Это замечание снова кольнуло Аурелия, хоть объективно он и понимал, что в том, кем он родился, его вины нет. Однако глубоко размышлять над словами Шиа сейчас охоты не было. Ему просто хотелось приятно провести время с любимой.
– Сможешь заметить ошибки в письме, если дам перечитать? – лукаво прищурился он.
– Я уже заметила: в словах «в общем» и мягкий знак в «ться» не поставлен, – легко отмахнулась Шиа. – Не думай, что я пропадаю невесть где: я усердно занимаюсь!
– И делаешь поразительные успехи.
– Но акцент всё ещё сильный, – погрустнев, добавила эльфийка.
– Ну что ты, твой акцент очень милый. Как ты мне говоришь?
Шиа захихикала, и её лицо приобрело прежнее беспечное выражение, каким Аурелий запомнил его ещё в Островной империи.
– Кстати, ты смотрел список моих имён на выбор? Я склоняюсь к Орсинь.
– Честно говоря, – неуверенно протянул император, – мне ни одно из них не нравится.
– Почему?
– Не знаю… В любом случае пока церемония не прошла, ты для меня – Шиа. До самой последней секунды – та самая Шиа, в которую я так безоглядно влюбился на эльфийском острове.
– Но я же никуда не денусь, как бы ты меня ни называл.
– Да, но… – Аурелий снова смешался. – В этом имени – начало нашей с тобой истории. У меня ощущение, как будто вместе с ним исчезнет и она.
– Да ну, глупости, – хмыкнула Шиа. – Не будь таким мнительным.
– При чём тут мнительность? – Он как будто обиделся. – Я просто дорожу нашими воспоминаниями.
– А я как будто нет? Но лучше уже зови меня Орсинь, чтобы привыкать.
– Не хочу.
– И как я раньше не замечала, что ты такой вредный?
– От тебя набрался, – бодро ввернул ей в пику Аурелий.

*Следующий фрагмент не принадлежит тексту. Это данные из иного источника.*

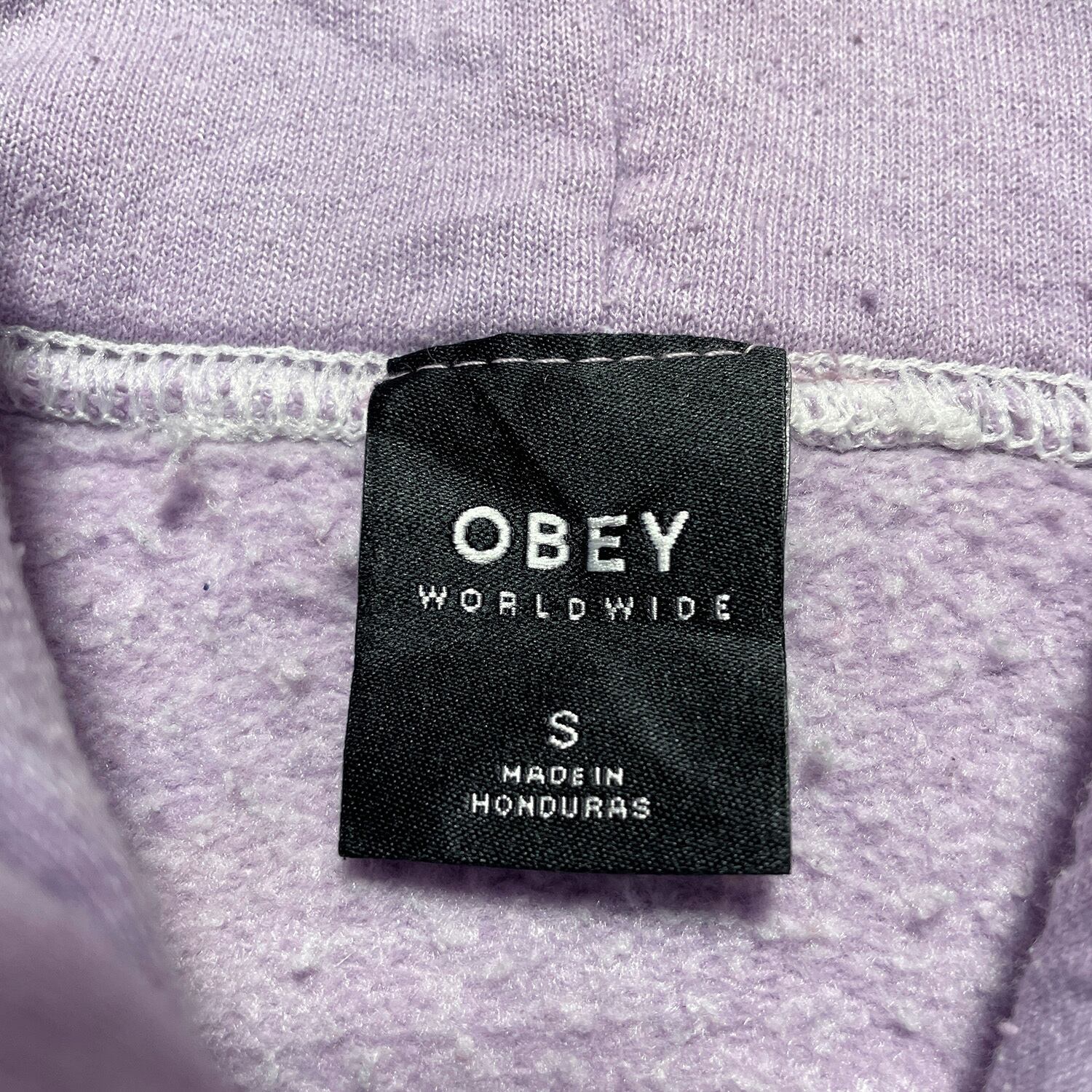 USA 古着 OBEY オベイ 薄手 スウェット パーカー ロゴ プリント パープル メンズS プルオーバー BE0908
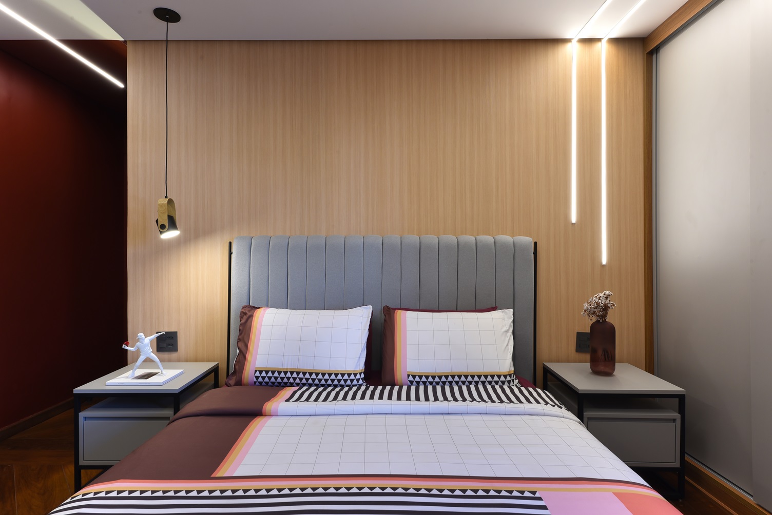 A suíte master mantém a linguagem contemporânea do apartamento, com a parede da cabeceira revestida em adesivo vinílico em tom suave de madeira, em harmonia com o piso original restaurado. A marcenaria em madeira amendoada e o MDF cinza claro criam uma atmosfera aconchegante e sofisticada. A parede de castelatto aparente com acabamento em concreto adiciona um toque industrial, refletindo o gosto pessoal dos moradores.
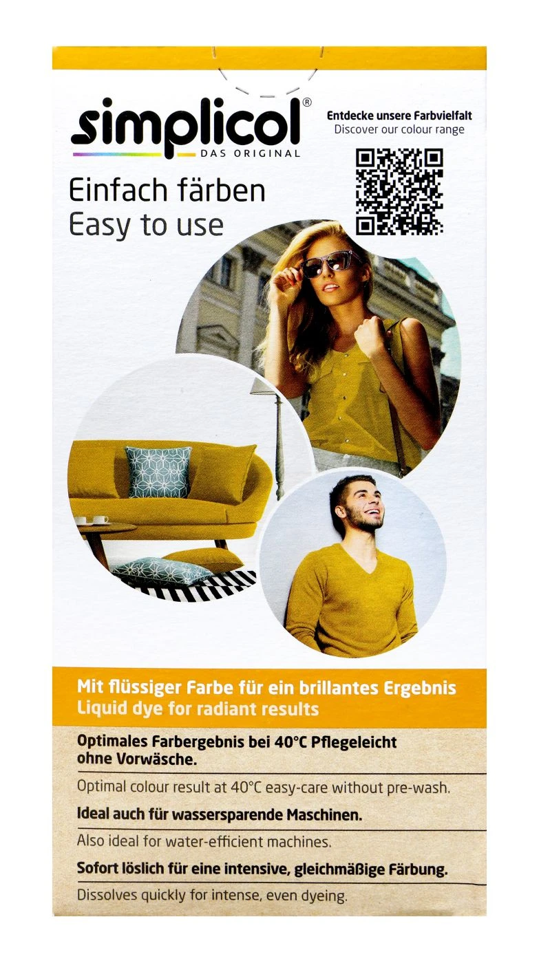Simplicol Intensiv Senf-Gelb, 7247 ist eine flüssigeTextilfarbe zur Farberneuerung von Textilien in der Waschmaschine. Zum Neu-/ Umfärben oder Auffrischen von Gewebe aus Baumwolle, Viskose, Leinen & Mischgewebe. Brilliante Farben schon bei 40° im Pflegeleicht-Programm.

Не найдясь, что возразить, эльфийка фыркнула и потянулась к чаю, который уже успел порядком остыть. Некоторое время она сосредоточенно поглощала тонко нарезанную ветчину, кедровые орехи – к которым пристрастилась в последнее время – и кекс с изюмом. Аурелий не мешал, догадываясь, что она устала, а он её и так заболтал, и только подливал в пустеющую чашку чай. Наконец Шиа откинулась на спинку кресла и вернула ему подобревшую благодарную улыбку.
– Церемония всё ближе. Волнуешься? – Аурелий ласково дотронулся до её руки.
Шиа отвела взгляд, и, проследив за ним, Аурелий понял, что она внимательно смотрит на висящий за ним портрет Келсия и Юйсинь. При слабом эхе кровавых воспоминаний к горлу невольно подступила тошнота.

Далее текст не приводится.